With emergence of SOA, screenscraping is a convenient way in which to services enable applications that aren't. In those cases, the web page scraping is the more common approach taken.
Quite often, screenscaping refers to a web client that parses the HTML pages of targeted website to extract formatted data. This is done when a website does not offer an RSS feed or a REST API for accessing the data in a programmatic way.
Typically You have an HTML page that contains some data you want. What you do is you write a program that will fetch that web page and attempt to extract that data. This can be done with XML parsers, but for simple applications I prefer to use regular expressions to match a specific spot in the HTML and extract the necessary data. Sometimes it can be tricky to create a good regular expression, though, because the surrounding HTML appears multiple times in the document. You always want to match a unique item as close as you can to the data you need.
Screen scraping is what you do when nobody's provided you with a reasonable machine-readable interface. It's hard to write, and brittle.
As an example, consider an RSS aggregator, then consider code that gets the same information by working through a normal human-oriented blog interface. Which one breaks when the blogger decides to change their layout.
One example of a library used for this purpose is Hpricot for Ruby, which is one of the better-architected HTML parsers used for screen scraping.
You have an HTML page that contains some data you want.

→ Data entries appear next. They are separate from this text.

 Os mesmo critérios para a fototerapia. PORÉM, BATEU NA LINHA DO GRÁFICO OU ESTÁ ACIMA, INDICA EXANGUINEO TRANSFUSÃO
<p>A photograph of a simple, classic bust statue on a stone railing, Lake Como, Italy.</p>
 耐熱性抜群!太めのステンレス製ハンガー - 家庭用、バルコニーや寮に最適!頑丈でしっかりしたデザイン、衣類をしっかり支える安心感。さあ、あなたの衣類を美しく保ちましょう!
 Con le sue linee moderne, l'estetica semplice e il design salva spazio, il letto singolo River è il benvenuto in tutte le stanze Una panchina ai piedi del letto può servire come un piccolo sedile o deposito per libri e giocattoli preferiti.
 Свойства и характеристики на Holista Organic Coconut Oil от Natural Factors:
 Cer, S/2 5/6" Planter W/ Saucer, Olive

What you do is you write a program that will fetch that web page and attempt to extract that data. This can be done with XML parsers, but for simple applications I prefer to use regular expressions to match a specific spot in the HTML and extract the necessary data. Sometimes it can be tricky to create a good regular expression, though, because the surrounding HTML appears multiple times in the document. You always want to match a unique item as close as you can to the data you need.

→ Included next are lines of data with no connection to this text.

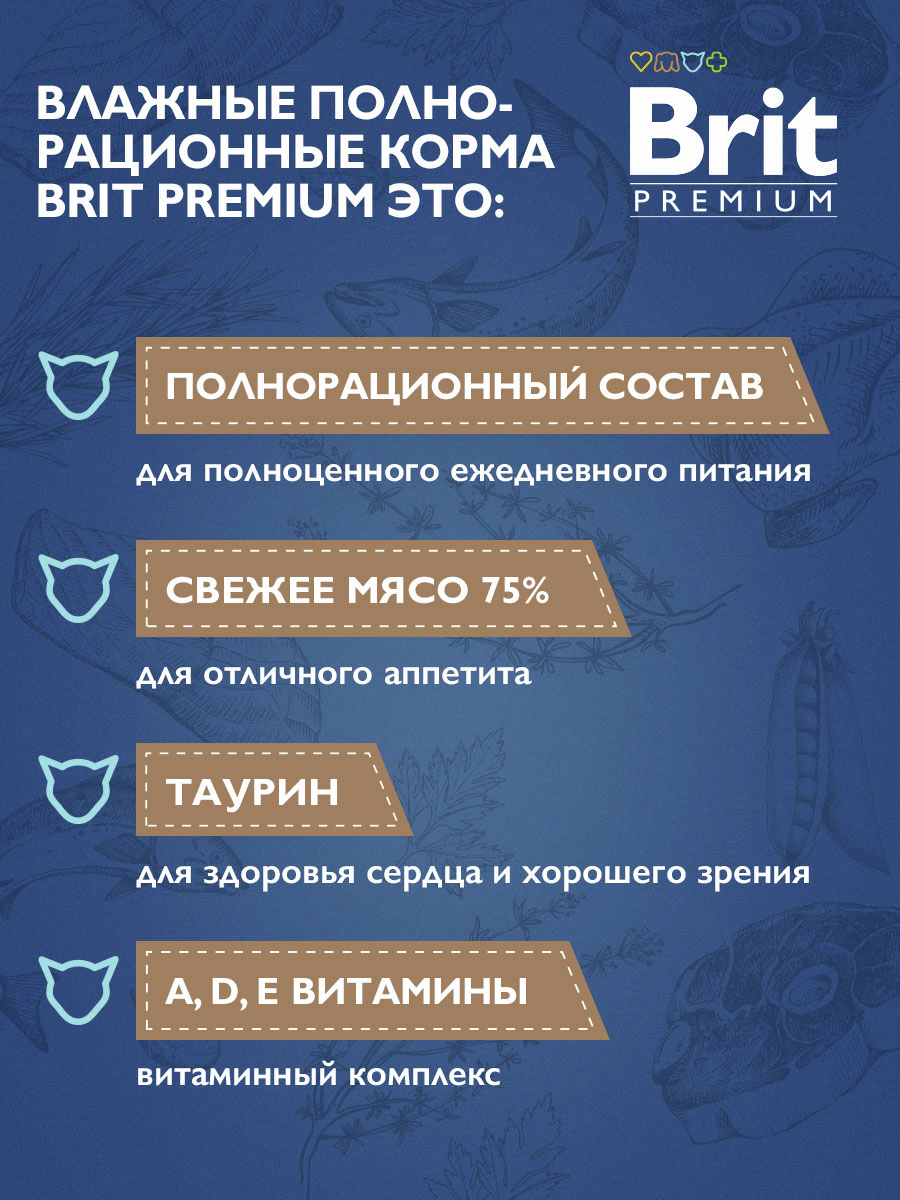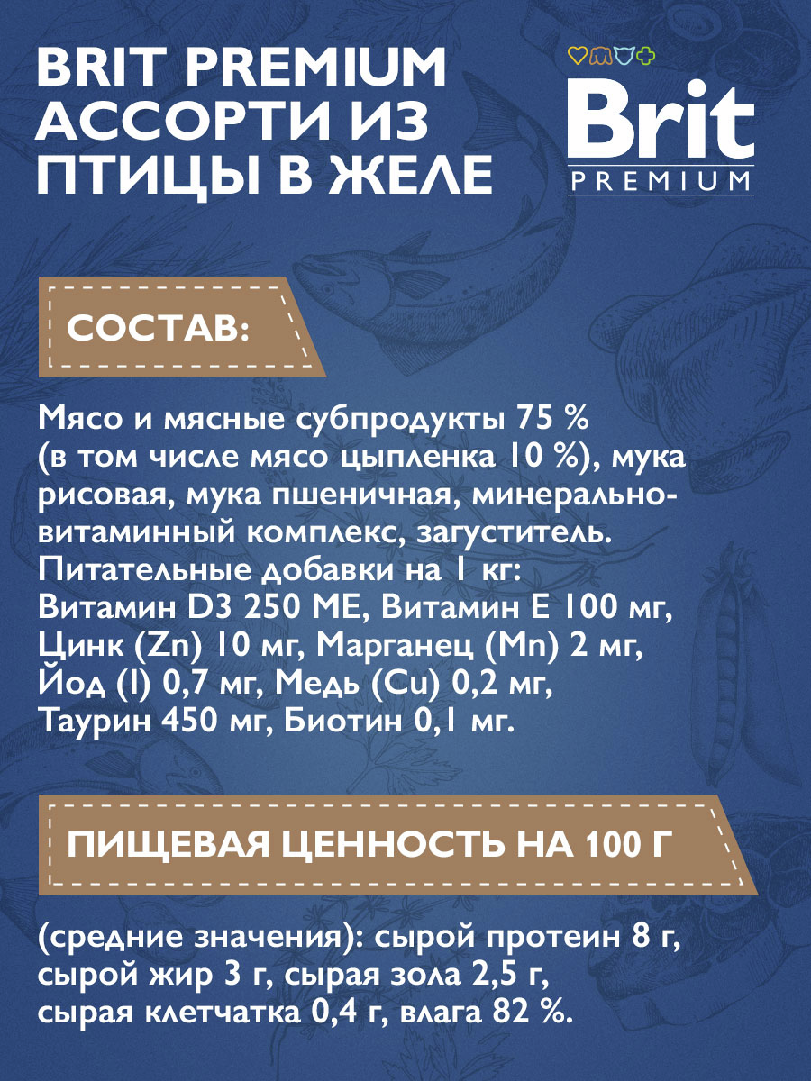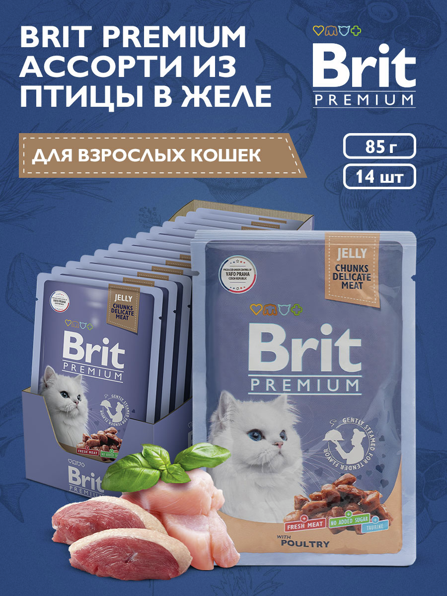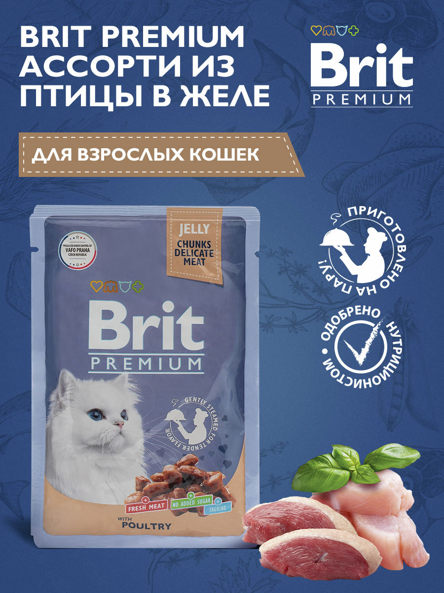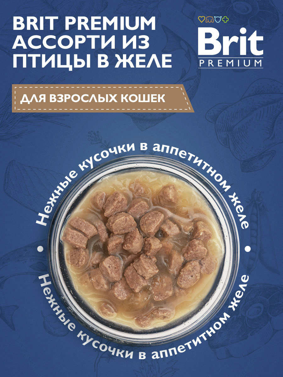 Корм влажный Brit для взрослых кошек ассорти из птицы в желе, 85г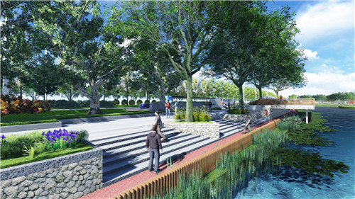 不僅是結合文化,在設計濱水景觀與道路景觀的同時,設計者把全新的“海綿城市”的設計理念也貫穿在其中,道路中的“雨水花園”,“生態滯留池”,護坡生態墻等生態領域的運用,讓城市建設的同時也是在保護著我們的自己的家園。雨水回收運用技術與東南大學進行了技術交流和探討,在局部還做了試驗段,為將來城市發展做了很多研究性的科研。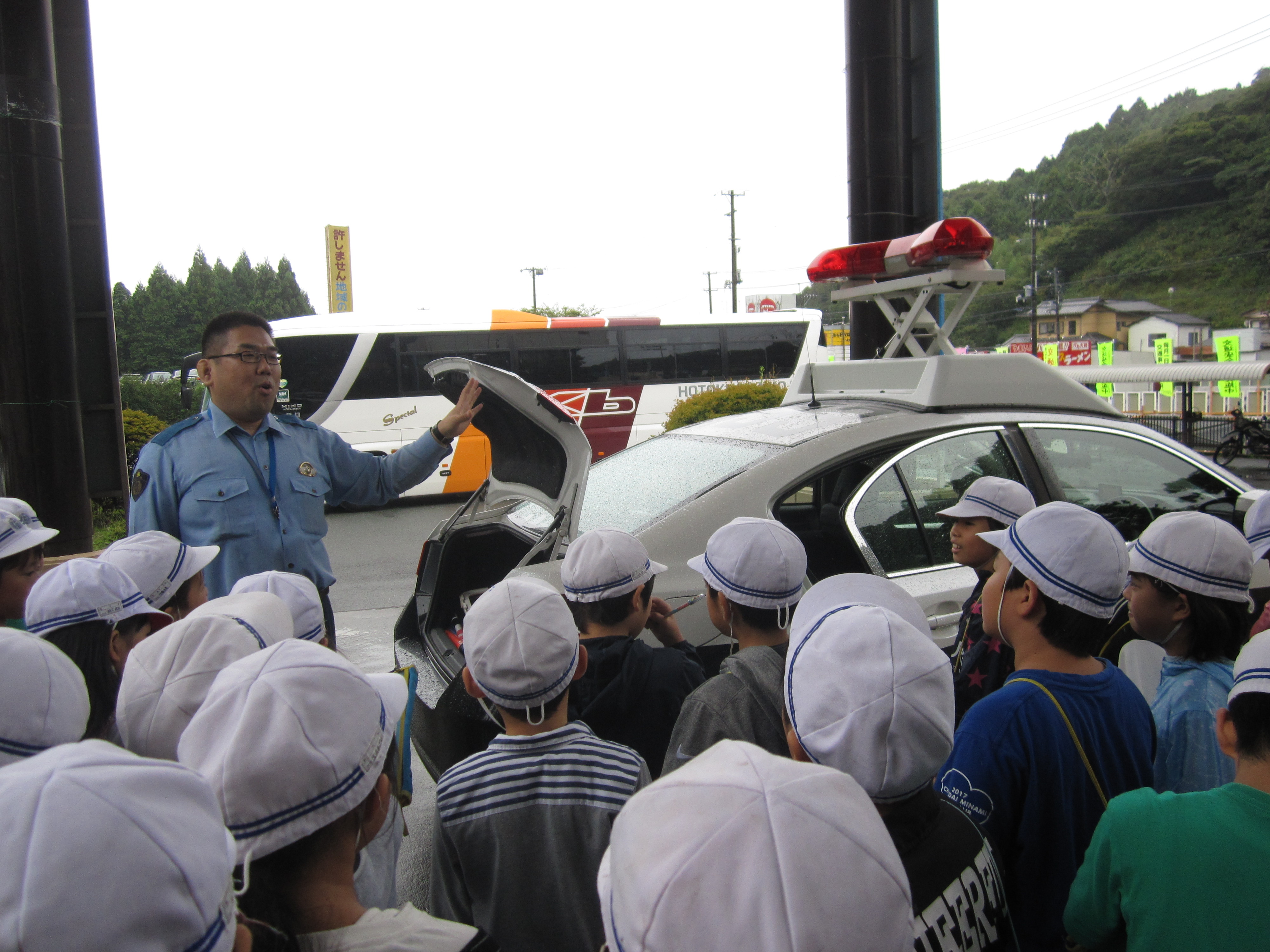 警察館の道具を触らせてもらったあとは、パトカーに乗車。ちょっと緊張?

Screen scraping is what you do when nobody's provided you with a reasonable machine-readable interface. It's hard to write, and brittle.

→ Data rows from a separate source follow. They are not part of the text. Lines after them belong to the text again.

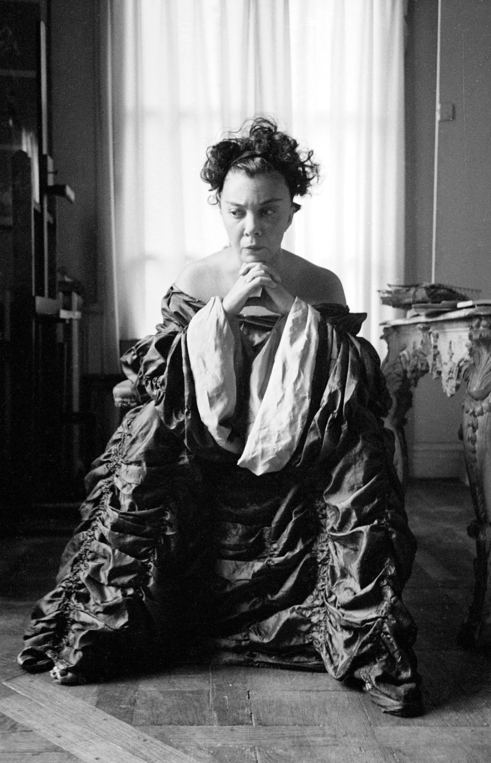Black and white photograph, full-length portrait of a woman seated on a parquet floor in a voluminous off-the-shoulder satin gown, hands clasped at her chin, backlit by a curtained window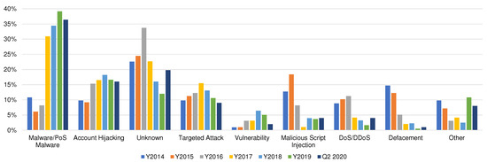 Security attacks are becoming more targeted and less general, with an epidemic escalation in attack complexity [32]. Attackers are currently relying more on unknown attack techniques that resemble normal traffic and are fragmented, encrypted or obfuscated to avoid detection by traditional intrusion detection systems [33]. This is evident from the study of the statistics of the common techniques used in cyber-attacks published in monthly reports [34]. Figure 1 shows the distribution of the attack techniques from 2014 to Q2 2020. When comparing the top attack techniques over the past six years, two conclusions can be drawn: firstly, unknown techniques were the dominant attack vector for the years 2014–2016 and displayed a steady increase in the that period; secondly, unknown techniques witnessed a noticeable decrease in the period from 2017 to 2019. One might argue that this decrease is merely a result of attackers relying on easier attack vectors such as account hijacking, in addition to the rise of cyber-crime as a motivation behind security attacks from 62.3% in 2014 to 85.82% ending Q2 in 2020, which explains the prominent inflation in the number of malware-related attacks in the same period (i.e., 2017–2019). In addition, unknown attacks were the third most common kinds of security attacks in the Middle East and North Africa (MENA) region in March 2019 [35].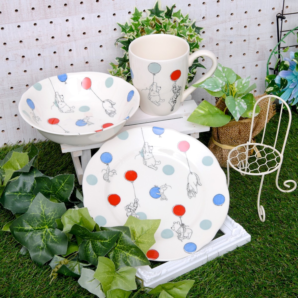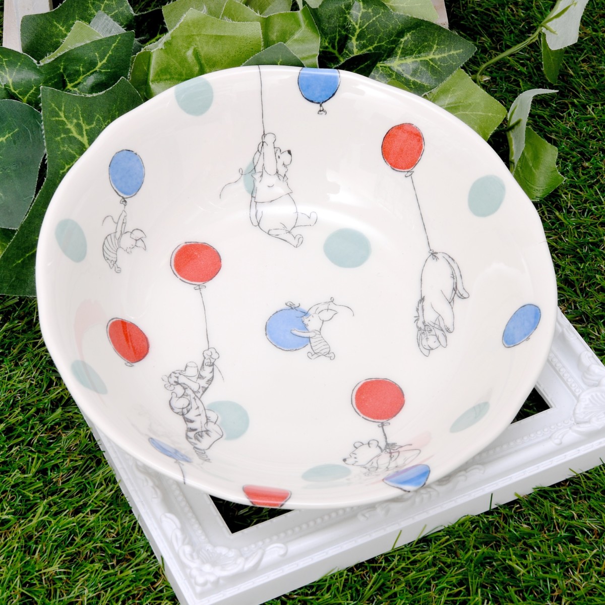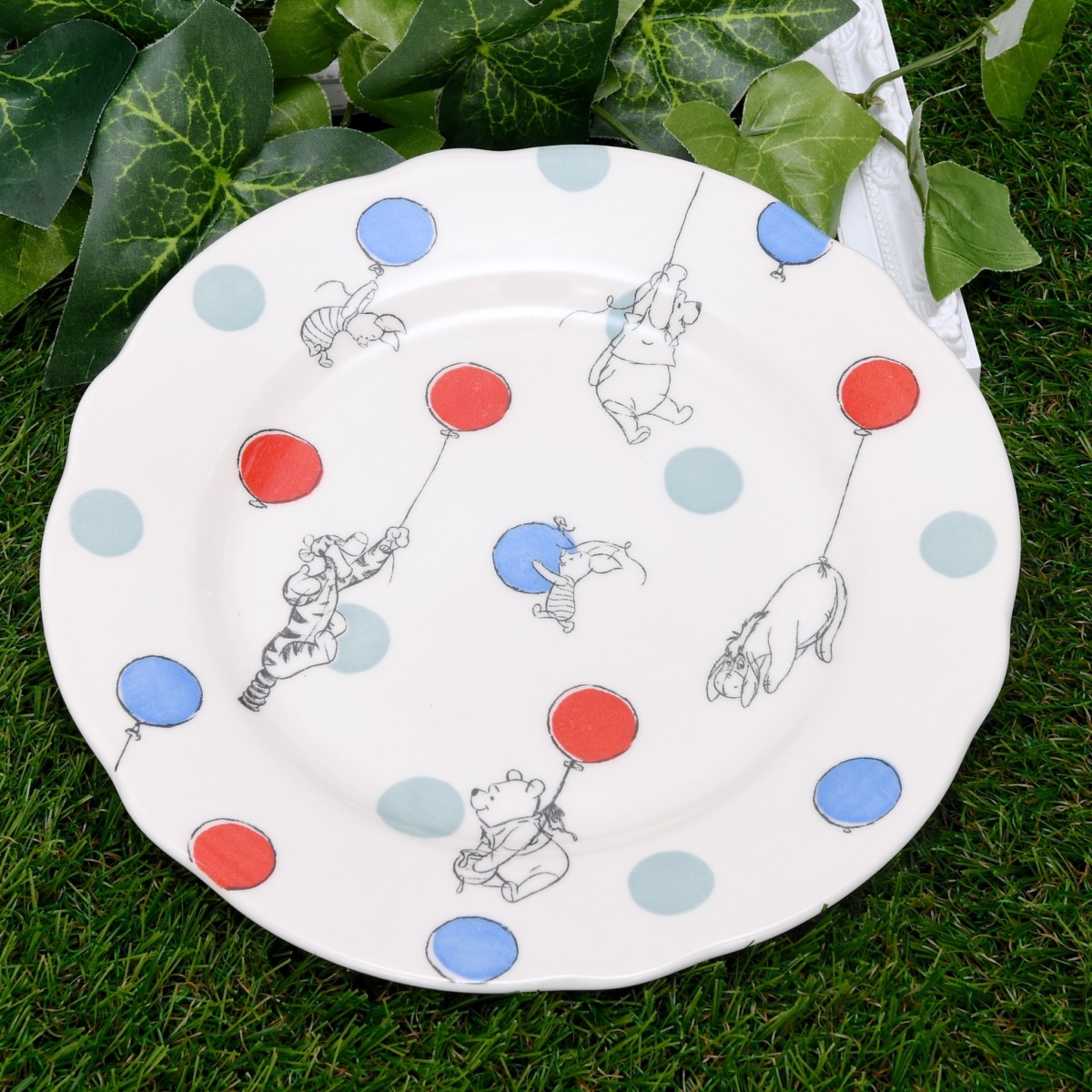 風船でふわふわ浮かぶくまのプーさん、ピグレット、イーヨー、ティガーがデザインされた使い勝手の良いサイドプレート。

Not quite true. I don't think I'm exaggerating when I say that most developers do not have enough experience to write decents APIs. I've worked with screen scraping companies and often the APIs are so problematic (ranging from cryptic errors to bad results) and often don't give the full functionality that the website provides that it can be better to screen scrape (web scrape if you will). The extranet/website portals are used my more customers/brokers than API clients and thus are better supported. In big companies changes to extranet portals etc.. are infrequent, usually because it was originally outsourced and now its just maintained. I refer more to screen scraping where the output is tailored, e.g. a flight on particular route and time, an insurance quote, a shipping quote etc..
In terms of doing it, it can be as simple as web client to pull the page contents into a string and using a series of regular expressions to extract the information you want.
string pageContents = new WebClient("www.stackoverflow.com").DownloadString();
int numberOfPosts = // regex match
Obviously in a large scale environment you'd be writing more robust code than the above.
A screen scraper downloads the html
page, and pulls out the data
interested either by searching for
known tokens or parsing it as XML or
some such.
That is cleaner approach than regex... in theory.., however in practice its not quite as easy, given that most documents will need normalized to XHTML before you can XPath through it, in the end we found the fine tuned regular expressions were more practical.